- From: Juan Sequeda <juanfederico@gmail.com>
- Date: Mon, 22 Mar 2010 23:24:19 -0500
- To: Richard Cyganiak <richard@cyganiak.de>
- Cc: Souripriya Das <souripriya.das@oracle.com>, Public-Rdb2rdf-Wg <public-rdb2rdf-wg@w3.org>
- Message-ID: <f914914c1003222124s40331d82of379423954d24772@mail.gmail.com>
Richard, > > 1. Why the SQL query based approach is nice > ------------------------------------------- > > First, I definitely see the attraction of the SQL query based approach. I > understand this approach as: leveraging the expressivity of SQL to do as > much of the mapping/transformation as possible, with some simple glue around > it that essentially turns each SQL result record into a few triples > according to some simple rules. > > It's attractive because the approach leverages existing SQL knowledge of > mapping authors; it maximises expressivity; it means we don't have to > specify a large chunk of the problem ourselves; it produces syntactically > compact mappings.

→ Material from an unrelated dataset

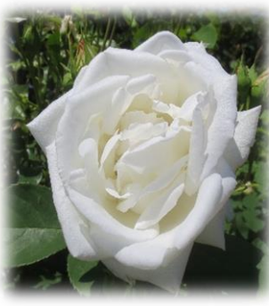
フラウ・カール・ドルシュキ ハイブリット・パーペチュアル

So, purely from an authoring point of view it is > definitely a nicer approach than any of the proposed alternatives (D2RQ, > Virtuoso RDF views, R2O etc). > > In order to run SPARQL queries against such a mapped database, one would > use the “triple view” approach, as detailed in Juan's work. So the > SPARQL-to-SQL engine would create a single view in the DB which consists of > lots of unions and in the end contains one row for each mapped triple, with > subject, predicate and object. How to run SPARQL queries against such a > relational structure is well-known from prior work on database-backed triple > stores. The result is a humongous SQL query over a humongous view > definition, but as Juan has shown, good SQL optimizers can simplify this > into a reasonable query plan. > You don't have to use a triple view approach. Our inspiration of the triple view was from the naive triple table approach that initial rdbms backed triple stores used. It was an experiment to see how the sql optimizer would work.. and it turned out pretty neat. So Yes, we great a humongous view definition. But No, this is not THE way to go. Our work shows what can be done with very little effort (hoping to persuade that this is useful and it isn't going to cost basically anything) The same way we create a humongous sql triple view definition, you could create several views a la triplify or oracle proposal. The advantage (IMO) of our triple view approach is that the sparql to sql translation is straightforward and we let all the hard stuff to the optimizer (hence it needs to be a good optimizer). My guess is that if you to follow another approach, the sparql to sql translation may be a bit more complicated (and may not depend on the sql optimizer). However, this shouldn't be part of the WG.